Дождь хлестал в стекла. Да, неприятно…

Дзерлацкая наконец выпрямилась и повернулась ко мне — бледное лицо, спутанные очень темные, почти черные волосы. Она заговорила неторопливо, явно обдумав ответ:

— Никто ее не забирал. Просто она заболела.

Похоже, она говорит неправду. «Зачем?» — подумала я настороженно. Она подошла ко мне с кастрюлькой, полной капусты, — высокая, худая, вблизи было видно, какое у нее измученное лицо. Моя неприязнь исчезла — эта женщина показалась мне симпатичной, особенно ее глаза в черных ресницах, странно светлые, словно от бесконечных слез. Меня удивил ее быстрый взгляд на девочку, которая по-прежнему молча сидела за столиком у окна. В довольно большой, но мрачной комнате был только этот столик, табуретка, стул, около стены кровать, в углу бочка, какие-то свертки, узлы.

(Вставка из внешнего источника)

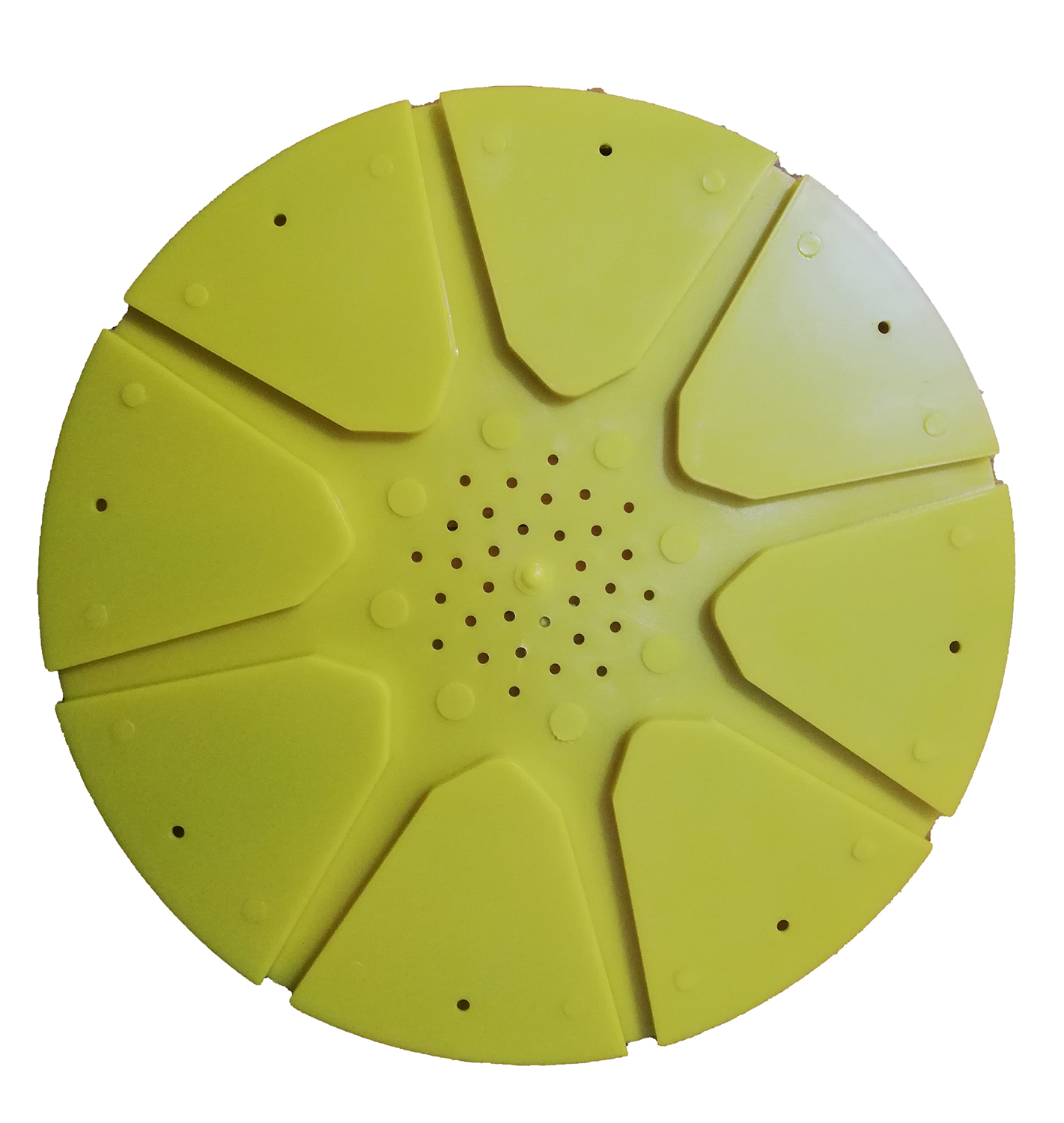 Divisória redonda amarela em plástico com oito segmentos e furos.

Неуютно…

Дождь то утихал, то усиливался. Выйти на улицу просто невозможно.

— В таком городишке, видно, люди все друг о друге знают. Болтают… А мы здесь даже и не знакомы ни с кем… — на сей раз дружелюбно заговорила Дзерлацкая.

Взглянув на залитые дождем окна, я поспешила поддержать беседу. Дзерлацкая рассказала, что все свои сбережения истратила на эту бочку капусты и на весы, чтобы открыть лавчонку. Оказалось, она, как и мы, приехала из Варшавы, и ей с трудом, за большие деньги удалось снять комнату у Ягодзинского; в комнате и теперь холодно, а что же будет зимой.

— А вы далеко живете? — заинтересовалась она вдруг моей особой. До сих пор говорила только о себе.

— На даче. С час приблизительно отсюда, — ответила я и вздохнула: надо идти, а дождь льет, на улице грязь, опускаются ранние сумерки.

— Это в сторону Буга? — оживилась Дзерлацкая.

— К Бугу?.. Да. Только до Буга еще далеко. Километра четыре-пять, — ответила я, размышляя, идти ли мне сразу или переждать самый ливень. Пожалуй, лучше переждать. Только кончится ли он?

— Это туда ходят в «рейх» покупать или менять продукты? — вдруг заинтересовалась моя собеседница.

Девочка тоже подошла ближе и беспокойно прислушивалась. Вопрос был явно важен для них. Я рассказала, что несколько женщин по соседству с нами ходят за Буг. И мужчины. Приносят крупу, муку, постное масло, иногда даже сливочное. Неплохо зарабатывают.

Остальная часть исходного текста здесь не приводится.